“Denials management” conjures up several ideas: a software we should be using, a term we espouse in meetings, something to put on our resume, and something we’re supposed to be managing. But are you doing denial management effectively? How do you define “effective?” And how can you reduce claims denials in any meaningful way?
What is Denial Management?
The term “denials management” came into favor as billing systems garnered more horsepower—we suddenly had the benefit of real-time views of our billing offices with the ability to see denials now—rather than a month after we posted them. We suddenly had useful information at our fingertips but at times, have struggled with what to do with this information.
As an industry, we have had a somewhat difficult time in defining benchmarks for what is an acceptable denial rate. Comparing a primary care office with a radiology practice holds little value—a primary care practice should have fewer denials since they control the information from the time the patient enters the practice. Hospital-based specialties, on the other hand, are at the mercy of whomever sends them the information which can run the gamut of “not bad” to “did you actually see this patient?!”
The trick in defining the problem has gotten much easier, thanks to sophisticated billing software. But the solution still lies in managing the people and the processes. When pinning down a manager with their denial management program, it’s not unusual to hear about their appeal letters. That is indeed part of the solution, but you can (and should) do much more.
How to Improve Denial Management
When setting goals for how to improve denial management, strive to achieve these goals:
- Reduce denials
- There is much that has assisted this effort with both billing software and the use of value-added clearinghouses.
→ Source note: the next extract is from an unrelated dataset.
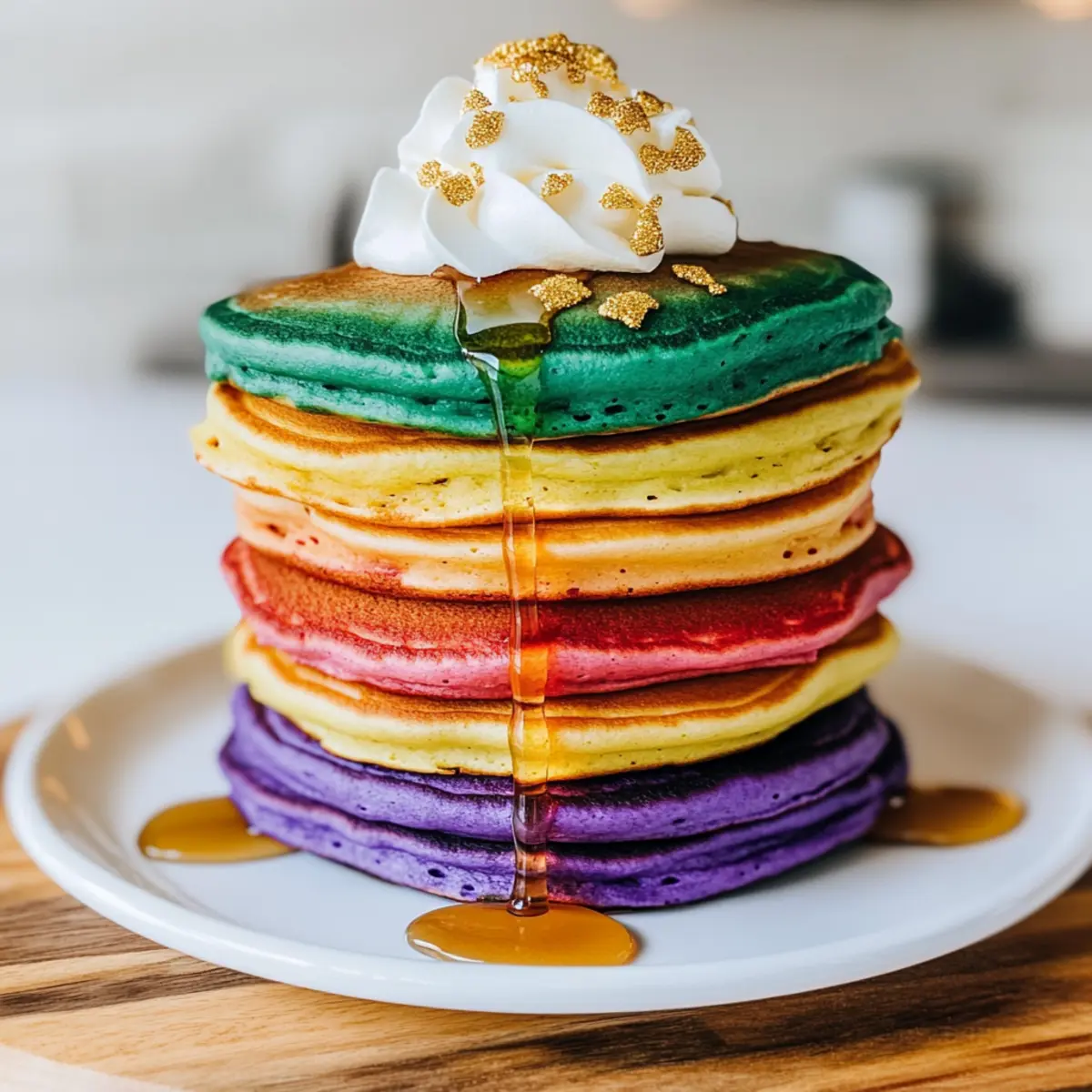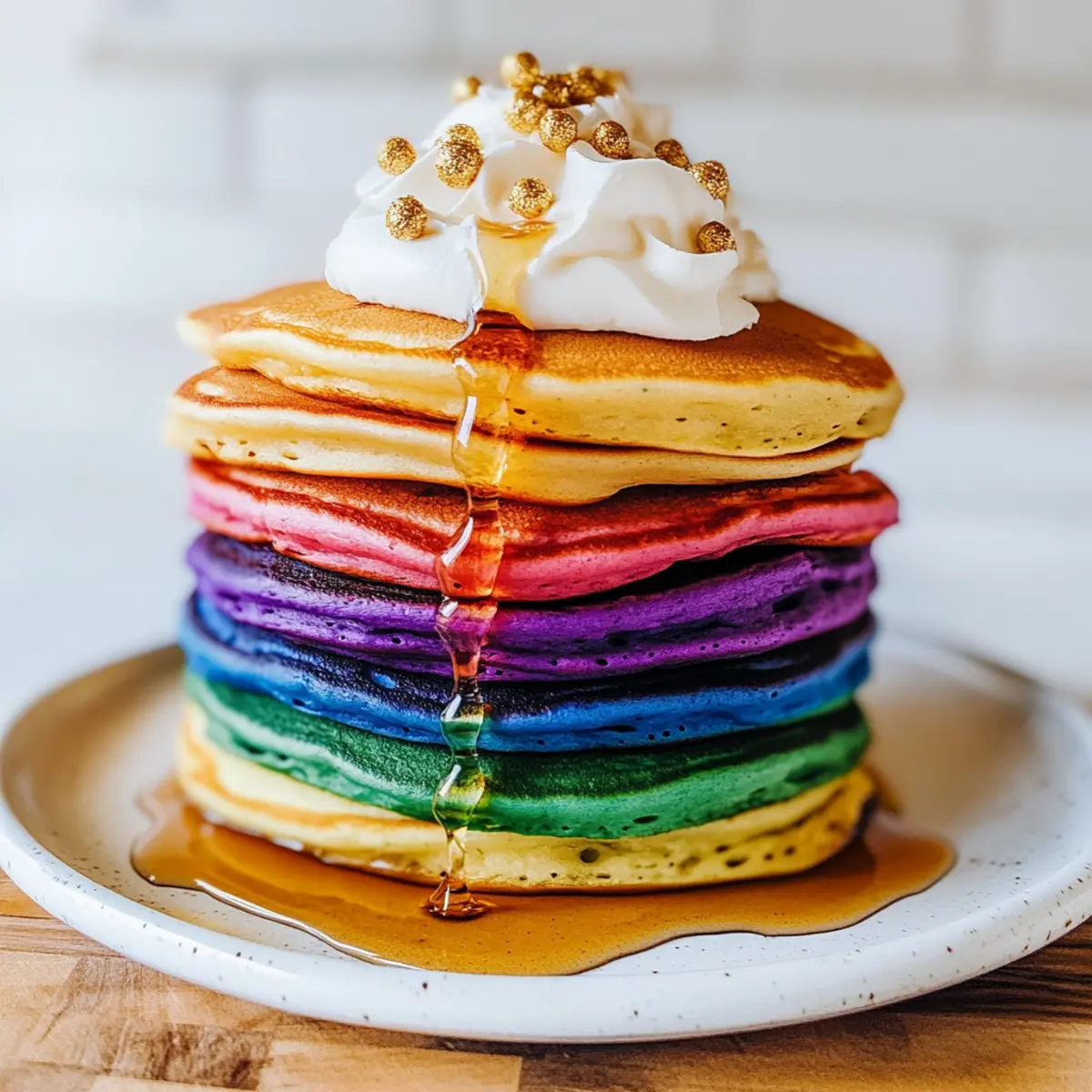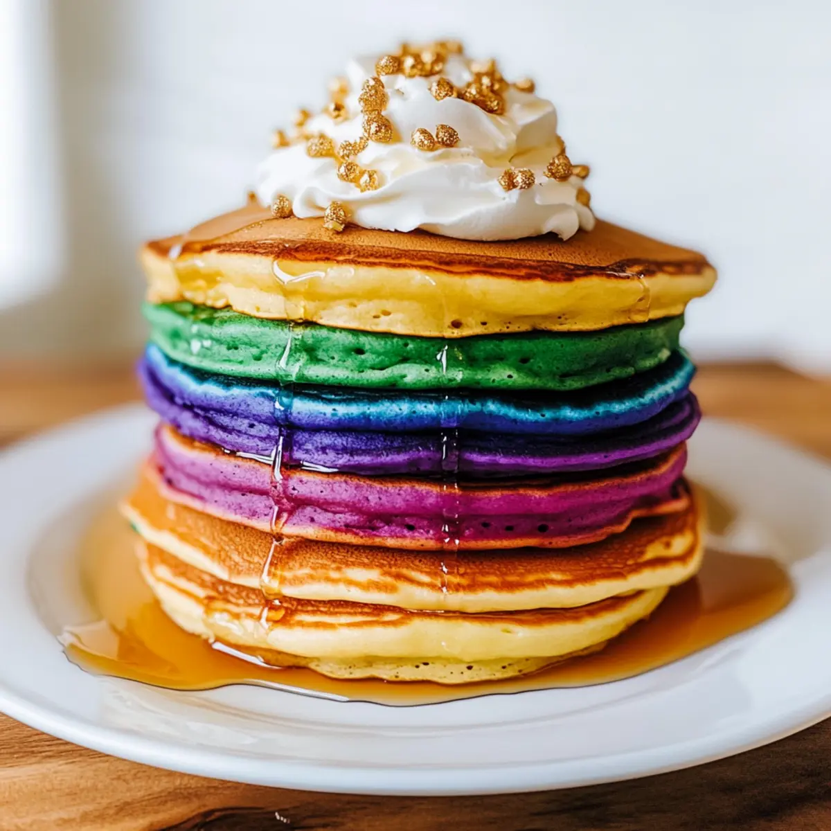- Stack the pancakes in rainbow order and serve with whipped cream and gold sprinkles.

They both trigger alerts that your claim is stuck for a needed piece of information. This has greatly reduced the back-end denials seen in A/R follow-up and payment posting.
- Root cause correction -- forming a task force with the hospital, for instance, to reduce prior authorization denials or create a team with your billing office and imaging center employees to modify processes to reduce eligibility denials.
- Improve follow-up processes
- Employ purpose follow-up
- Work for efficiency gains
- Identify compliance risks
- Improve profitability
List of Denial Codes in Medical Billing
The above goals have the mission-critical task of defining the problem. But when you run your denials report, you may be met with a list of denial codes in medical billing referred to as “ANSI codes.” These codes refer to many the same thing using different terms. While it’s nice to have the specific reason straight from the horse’s mouth, it’s not the best for managing the process. Specific? Yes. Efficient? No. More on that in a minute… If you comb through ANSI codes, you can find these fun ways to define a “duplicate” denial:
- 18: Duplicate claim/service
- 23: Payment adjusted because charges have been paid by another payer (may not look like a duplicate denial, but it is.)
- 57: Payment denied/reduced because the payer deems the information submitted does not support this level of service may have been provided in a previous payment
- B13: Previously paid. Payment for this claim/service may have been provided in a previous payment
...and duplicates are an easy one. just wait until you see all of the ways to decipher coding denials.
Medicare Claim Denial Reasons
To get a handle on Medicare claim denials reasons, think of your denials as falling into two general classifications: compliance or administrative, followed by your “grouping” categories. If you are an Imagine user, you can map your ANSI codes to either one of these categories, where you can begin to actually “manage” your denials.
Compliance denials are those that put the practice at risk, either for direct compliance problems or as claims submissions that could be perceived as compliance problems by Medicare—and in that case, perception is reality. Compliance denials include the following categories:
- Coding (including bundling/unbundling)
- Medical necessity
- Duplicate claims (Medicare considers “excessive” duplicates as a compliance trigger. While they have unhelpfully not defined “excessive”, use caution when auto-rebilling claims. It would be best to turn off that feature for Medicare patients.)
Administrative denials are where you can really make a difference for your practice—these are usually due to process errors or omissions and are theoretically preventable, although hospital-based practices must do extra leg work in partnership with their hospitals to truly prevent these.
- Eligibility
- Missing/incorrect information
- Prior authorization
- Timely filing
- Non-covered service
- Denied-no reason given
Save staff time and streamline medical claims management
What Are Some Possible Solutions to a Denied Claim?
Using the grouping feature makes denials truly easier to manage. For instance, you can turn your coder loose in the denials tickler by filtering all the coding denials and working through them without other denials getting in the way. It can also help with manual payment posting for the EOBs that do not specifically list the ANSI code and just give a generic denial—they do not have to search for an applicable ANSI code to post the payment.
Now once you have a handle on your denials, it is easier to begin the work of managing them. Root cause identification can lead you to physician dictation issues, a problem of referring physician not giving complete orders, an ineffective coder and hang-ups in the system getting claims out the door, to name a few. Use of Business Intelligence software can also help to drill down your coding category or timely filing—is one facility creating timely filing violations?
The process of managing your denials is doable and necessary. Effective denials management include smart system set-up, defining the problem, addressing root causes and yes…sending out appeal letters. There are nuances to each denial category and many more pages that could be written about the actual processes involved in successful appeals, but once you have defined the problem, you are halfway there.